А  Б  В  Г  Д  Е  Ж  З  И  Й  К  Л  М  Н  О  П  Р  С  Т  У  Ф  Х  Ц  Ч  Ш  Щ  Э  Ю  Я  A-Z

 

Признай, что пора юности миновалась, и, смело отбросив все, что было свойственно ей, но не свойственно мужу, вступи на новый путь. Женись, брось потехи юности, занимайся торговлей, общественными делами, науками и искусствами, и ты, кроме того, что примиришься с отцом и с друзьями, ты найдешь успокоение и радость. Главное, что тебя тревожило - это неестественность твоего положения. Ты возмужал, и тебе нужно вступить в брак и быть мужем. И потому главный совет мой: исполни желание отца - женись. Если же тебя влечет к тому уединению, которое ты думаешь найти у христиан, если ты склонен к философии, а не к деятельности жизни, то ты можешь с пользой предаться этой деятельности только после того, как ты узнаешь жизнь в ее настоящем значении.
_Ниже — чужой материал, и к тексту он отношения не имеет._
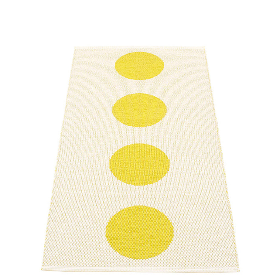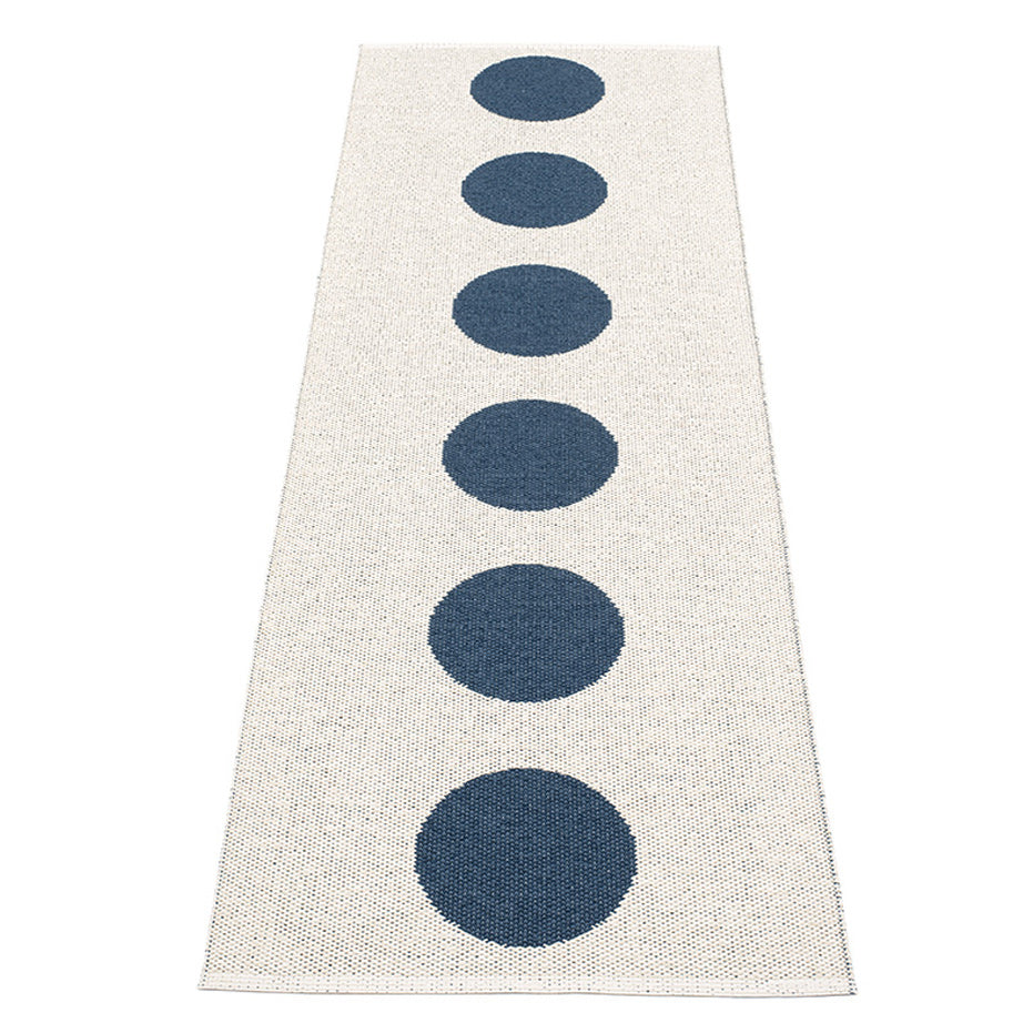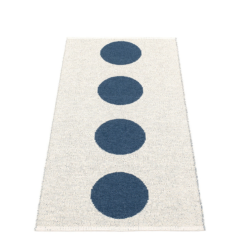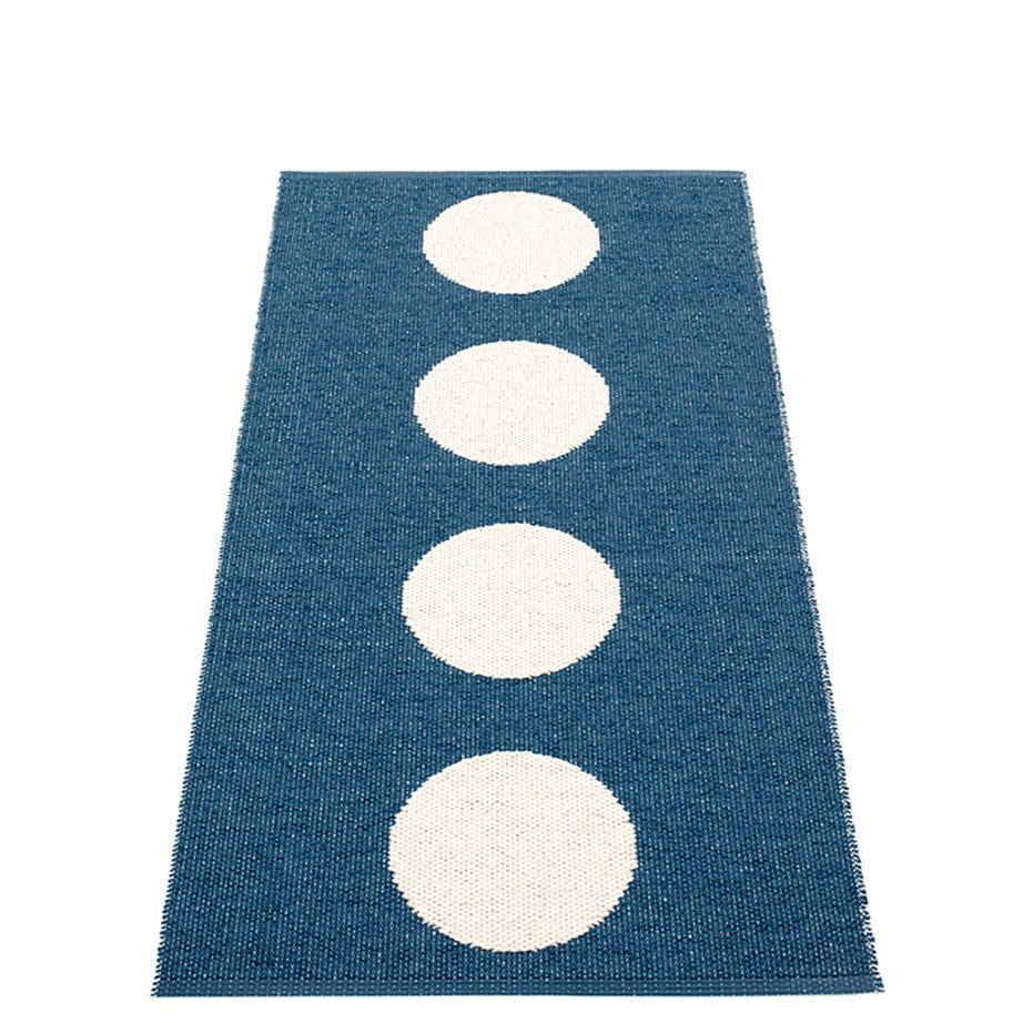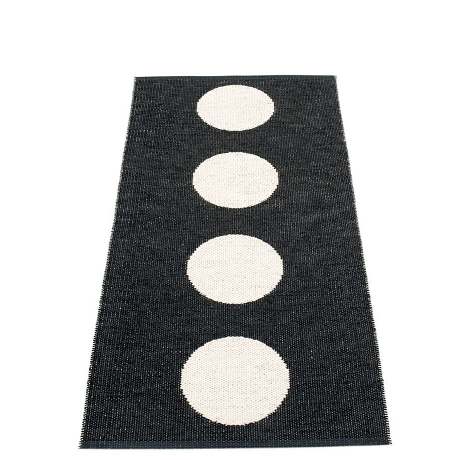 Designed and made in Sweden, Pappelina Rugs are beautiful and sturdy for indoor or outdoor use. The Vera Rugs are made of certified phthalate free PVC ribbon, woven on traditional looms using wooden shuttles. The rugs are reversible, machine washable, and have reinforced and welded edges for added durability.
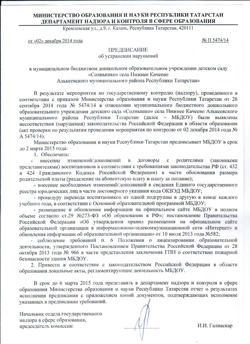 Предписание об устранении нарушений от 27 января 2021 года МО и Н РТ Департамент надзора и контроля в сфере образования
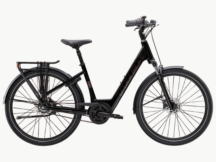 Конструкция имеет пластиковые брызговики, эргономичные ручки и удобное седло Bontrager Boulevard. Для удобства парковки имеется подножка Pletscher Comp Flex 18.
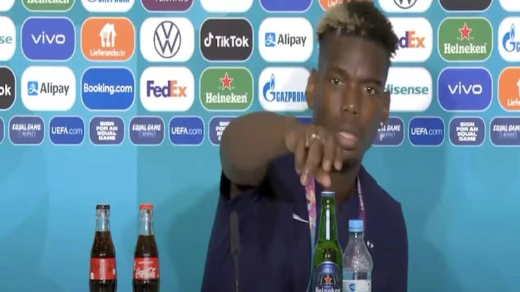 Euro Cup 2020: यूरो कप 2020 मैदान पर हो रही घटनाओं के लिए नहीं बल्कि ऑफ-द-फील्ड घटनाएं भी हुई हैं जिन्होंने सुर्खियां बटोर रहा है. हंगरी के मुकाबले से पहले प्री-मैच प्रेस कॉन्फ्रेंस के दौरान क्रिस्टियानो रोनाल्डो (Cristiano Ronaldo) के कोका-कोला की बोतलों को हटाने की घटना के बाद दिग्गज फुटबॉलर पॉल पोग्बा ने भी प्रेस कॉन्फ्रेंस में कुछ ऐसा ही किया है. फ्रांस के मिडफील्डर पॉल पोग्बा (Paul Pogba) ने मंगलवार को कॉन्फ्रेंस शुरू होने से पहले टेबल पर रखी Heineken बीयर की बॉटल को हटा दिया.
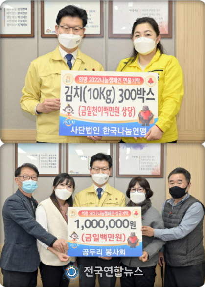 이어 사단법인 한국나눔연맹은 어려운 이웃을 위해 써달라며 김치 300박스(1200만원 상당)를 전달했다.

А ты узнаешь это только, как самостоятельный гражданин и глава семейства. Если и потом тебя будет тянуть к уединению, предайся ему, тогда это будет истинное влечение, а не вспышка недовольства, каково оно теперь. Тогда иди. Последние слова более всего другого убедили Юлия. Он поблагодарил незнакомца и вернулся домой. Мать приняла его радостно. Отец тоже, узнав о его намерении покориться его воле и жениться на той девице, которую он предлагал ему, примирился с сыном.
IV.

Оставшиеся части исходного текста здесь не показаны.